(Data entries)
___
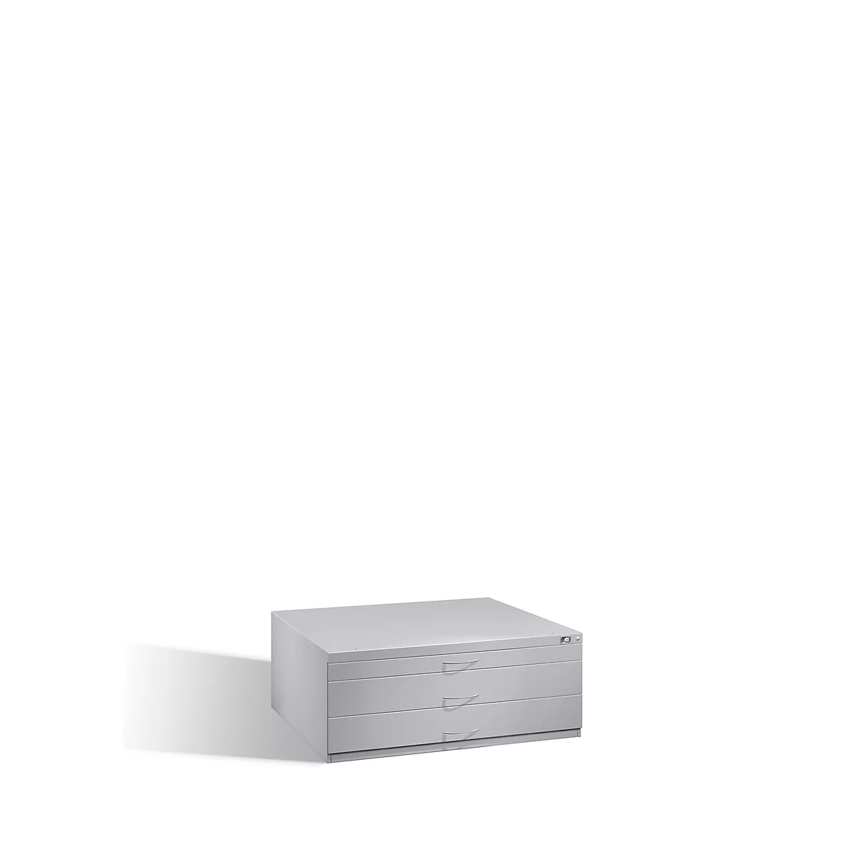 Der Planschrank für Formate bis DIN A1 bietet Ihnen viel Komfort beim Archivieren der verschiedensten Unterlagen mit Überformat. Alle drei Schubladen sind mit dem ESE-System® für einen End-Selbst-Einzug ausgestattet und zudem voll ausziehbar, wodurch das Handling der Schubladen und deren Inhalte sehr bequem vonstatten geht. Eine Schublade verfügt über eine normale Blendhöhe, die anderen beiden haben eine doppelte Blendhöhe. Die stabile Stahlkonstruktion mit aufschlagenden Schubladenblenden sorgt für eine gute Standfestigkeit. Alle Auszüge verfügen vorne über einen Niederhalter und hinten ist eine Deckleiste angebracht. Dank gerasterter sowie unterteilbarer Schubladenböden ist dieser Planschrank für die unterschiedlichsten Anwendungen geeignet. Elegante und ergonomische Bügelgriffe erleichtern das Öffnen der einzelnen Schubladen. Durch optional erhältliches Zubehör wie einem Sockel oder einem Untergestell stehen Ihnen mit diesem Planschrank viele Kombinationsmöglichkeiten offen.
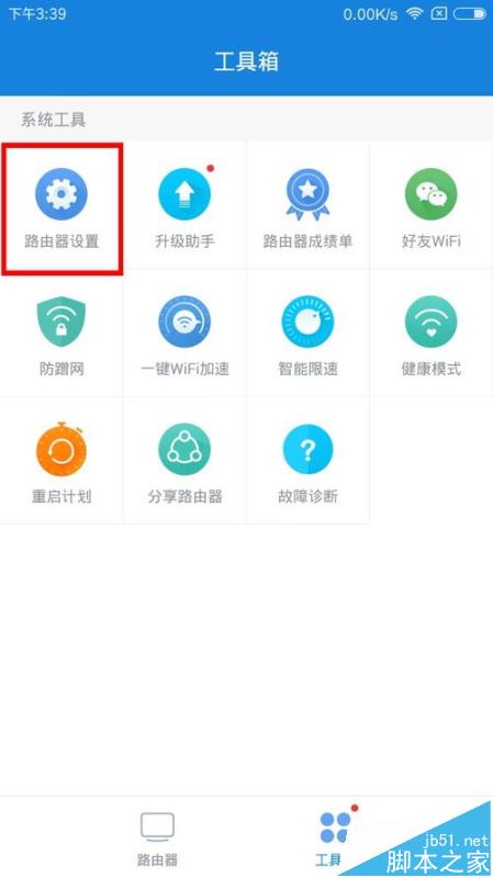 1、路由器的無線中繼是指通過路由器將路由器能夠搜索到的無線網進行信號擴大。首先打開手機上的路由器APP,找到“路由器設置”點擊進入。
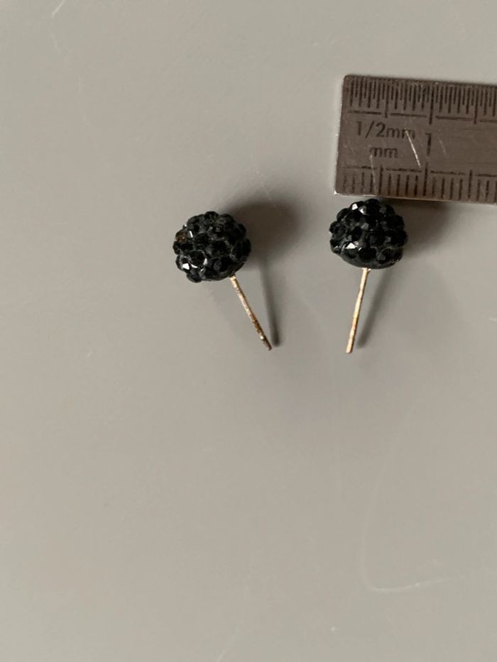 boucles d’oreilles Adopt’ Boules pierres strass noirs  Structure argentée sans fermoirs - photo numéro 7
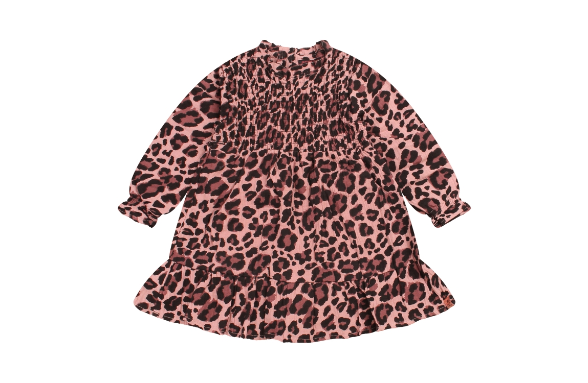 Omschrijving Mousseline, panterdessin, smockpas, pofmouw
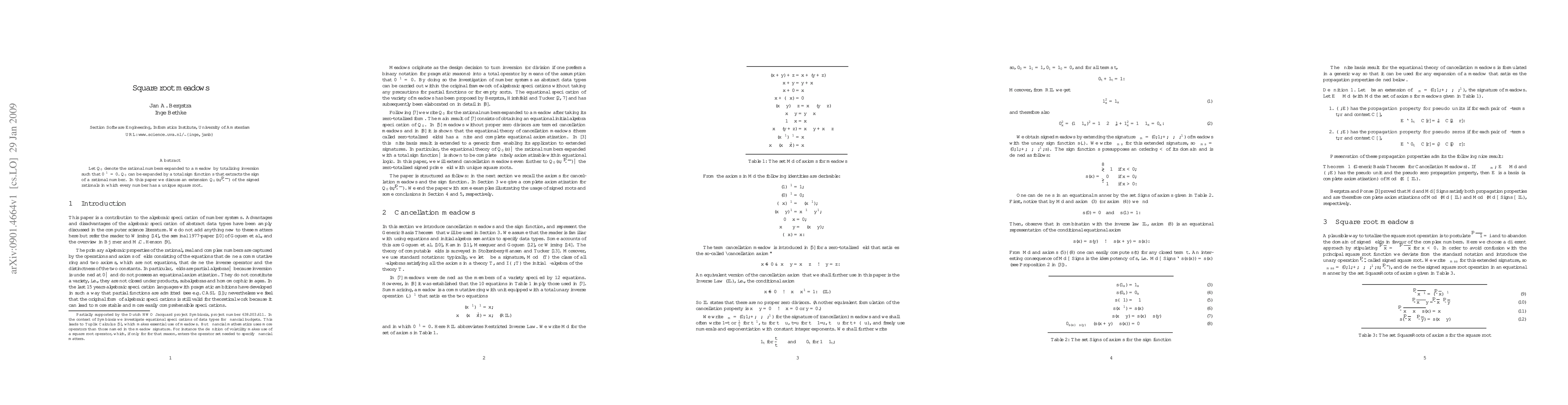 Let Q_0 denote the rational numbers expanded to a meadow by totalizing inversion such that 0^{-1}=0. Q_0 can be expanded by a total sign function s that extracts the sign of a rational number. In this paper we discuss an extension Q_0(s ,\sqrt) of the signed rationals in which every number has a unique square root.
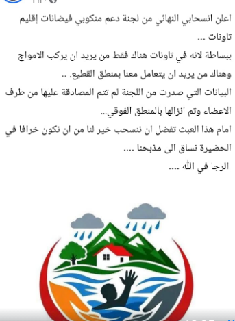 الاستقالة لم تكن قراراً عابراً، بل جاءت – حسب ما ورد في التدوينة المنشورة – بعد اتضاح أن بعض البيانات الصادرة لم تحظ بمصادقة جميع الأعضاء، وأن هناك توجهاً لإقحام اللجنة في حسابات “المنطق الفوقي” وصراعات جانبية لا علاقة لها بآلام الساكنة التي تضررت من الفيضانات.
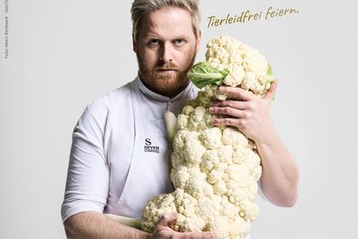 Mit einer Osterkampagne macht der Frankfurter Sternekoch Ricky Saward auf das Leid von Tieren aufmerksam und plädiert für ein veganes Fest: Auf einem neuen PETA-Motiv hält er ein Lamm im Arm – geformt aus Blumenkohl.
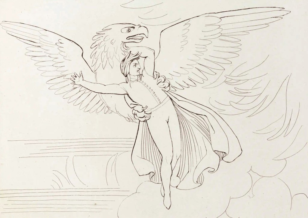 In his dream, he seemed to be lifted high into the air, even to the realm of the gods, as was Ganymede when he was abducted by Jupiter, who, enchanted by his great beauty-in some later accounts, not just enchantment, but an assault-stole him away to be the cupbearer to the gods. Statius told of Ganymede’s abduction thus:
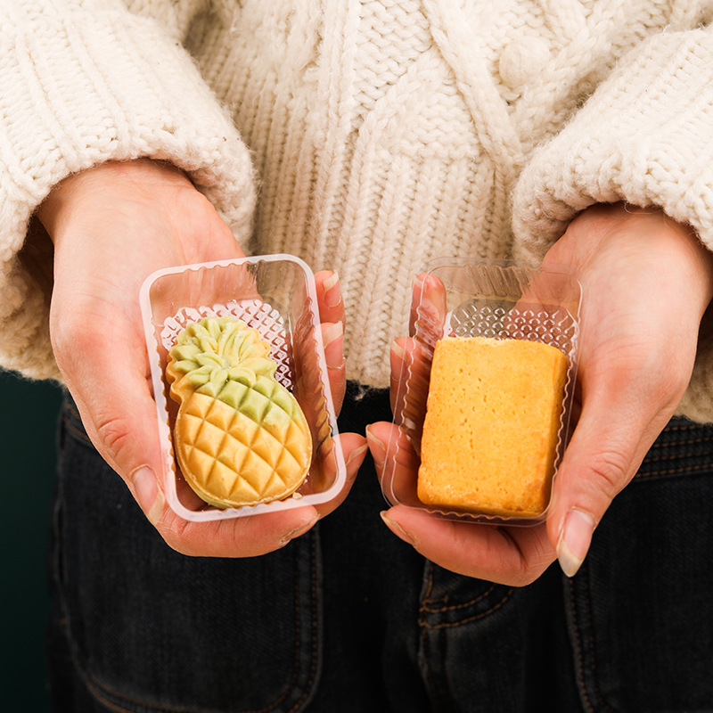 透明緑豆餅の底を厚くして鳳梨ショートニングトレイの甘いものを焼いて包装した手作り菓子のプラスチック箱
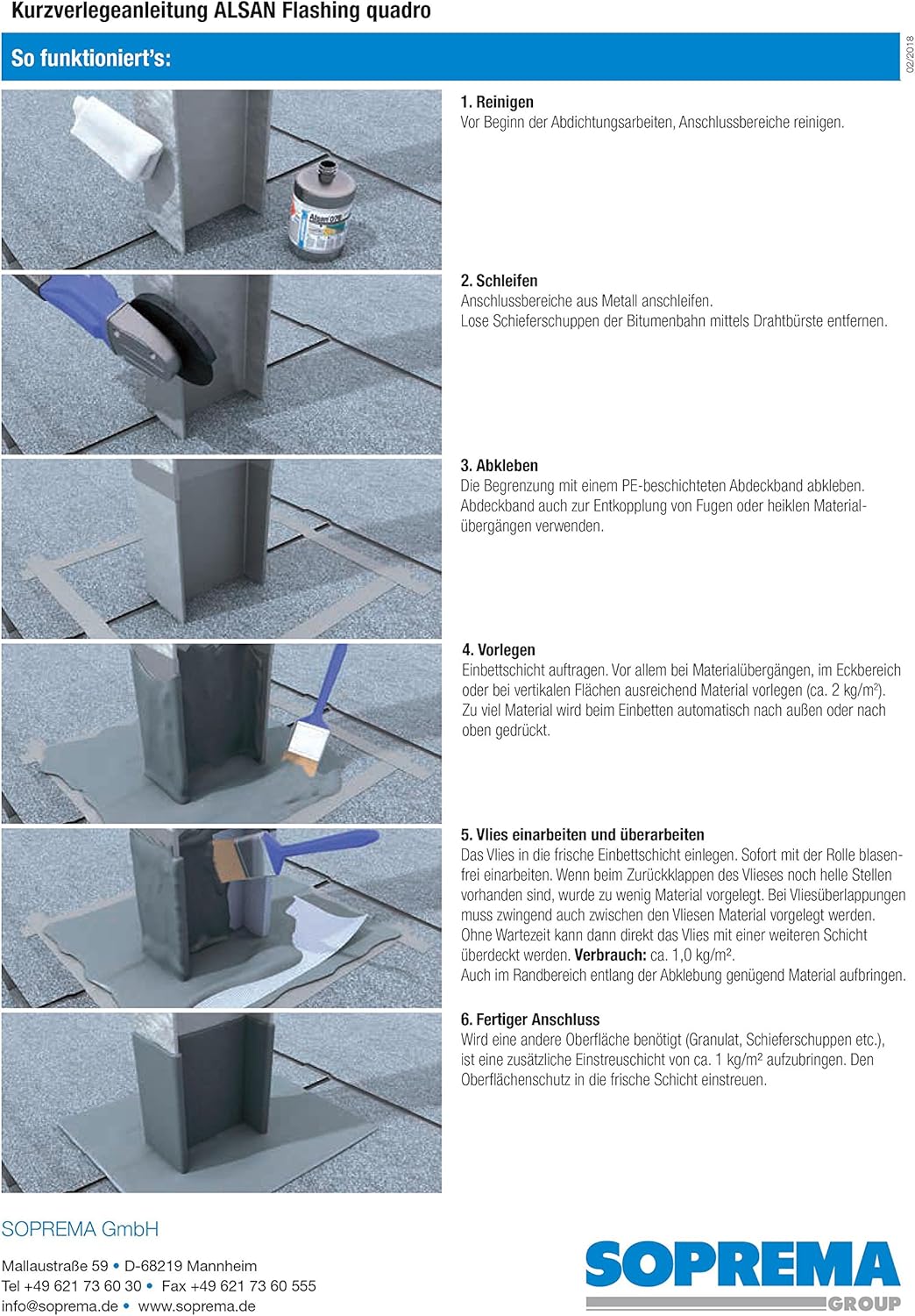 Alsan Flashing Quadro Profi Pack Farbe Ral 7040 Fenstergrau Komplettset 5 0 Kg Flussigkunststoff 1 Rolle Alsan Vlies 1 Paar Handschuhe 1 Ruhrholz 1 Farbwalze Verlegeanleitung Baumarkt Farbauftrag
___
- **AIM OF THE TASK**
Return all of the entries word for word, but omit the pictures.

- **FINAL ANSWER**
 Der Planschrank für Formate bis DIN A1 bietet Ihnen viel Komfort beim Archivieren der verschiedensten Unterlagen mit Überformat. Alle drei Schubladen sind mit dem ESE-System® für einen End-Selbst-Einzug ausgestattet und zudem voll ausziehbar, wodurch das Handling der Schubladen und deren Inhalte sehr bequem vonstatten geht. Eine Schublade verfügt über eine normale Blendhöhe, die anderen beiden haben eine doppelte Blendhöhe. Die stabile Stahlkonstruktion mit aufschlagenden Schubladenblenden sorgt für eine gute Standfestigkeit. Alle Auszüge verfügen vorne über einen Niederhalter und hinten ist eine Deckleiste angebracht. Dank gerasterter sowie unterteilbarer Schubladenböden ist dieser Planschrank für die unterschiedlichsten Anwendungen geeignet. Elegante und ergonomische Bügelgriffe erleichtern das Öffnen der einzelnen Schubladen. Durch optional erhältliches Zubehör wie einem Sockel oder einem Untergestell stehen Ihnen mit diesem Planschrank viele Kombinationsmöglichkeiten offen.
 1、路由器的無線中繼是指通過路由器將路由器能夠搜索到的無線網進行信號擴大。首先打開手機上的路由器APP,找到“路由器設置”點擊進入。
 boucles d’oreilles Adopt’ Boules pierres strass noirs  Structure argentée sans fermoirs - photo numéro 7
 Omschrijving Mousseline, panterdessin, smockpas, pofmouw
 Let Q_0 denote the rational numbers expanded to a meadow by totalizing inversion such that 0^{-1}=0. Q_0 can be expanded by a total sign function s that extracts the sign of a rational number. In this paper we discuss an extension Q_0(s ,\sqrt) of the signed rationals in which every number has a unique square root.
 الاستقالة لم تكن قراراً عابراً، بل جاءت – حسب ما ورد في التدوينة المنشورة – بعد اتضاح أن بعض البيانات الصادرة لم تحظ بمصادقة جميع الأعضاء، وأن هناك توجهاً لإقحام اللجنة في حسابات “المنطق الفوقي” وصراعات جانبية لا علاقة لها بآلام الساكنة التي تضررت من الفيضانات.
 Mit einer Osterkampagne macht der Frankfurter Sternekoch Ricky Saward auf das Leid von Tieren aufmerksam und plädiert für ein veganes Fest: Auf einem neuen PETA-Motiv hält er ein Lamm im Arm – geformt aus Blumenkohl.
 In his dream, he seemed to be lifted high into the air, even to the realm of the gods, as was Ganymede when he was abducted by Jupiter, who, enchanted by his great beauty-in some later accounts, not just enchantment, but an assault-stole him away to be the cupbearer to the gods. Statius told of Ganymede’s abduction thus:
 透明緑豆餅の底を厚くして鳳梨ショートニングトレイの甘いものを焼いて包装した手作り菓子のプラスチック箱
 Alsan Flashing Quadro Profi Pack Farbe Ral 7040 Fenstergrau Komplettset 5 0 Kg Flussigkunststoff 1 Rolle Alsan Vlies 1 Paar Handschuhe 1 Ruhrholz 1 Farbwalze Verlegeanleitung Baumarkt Farbauftrag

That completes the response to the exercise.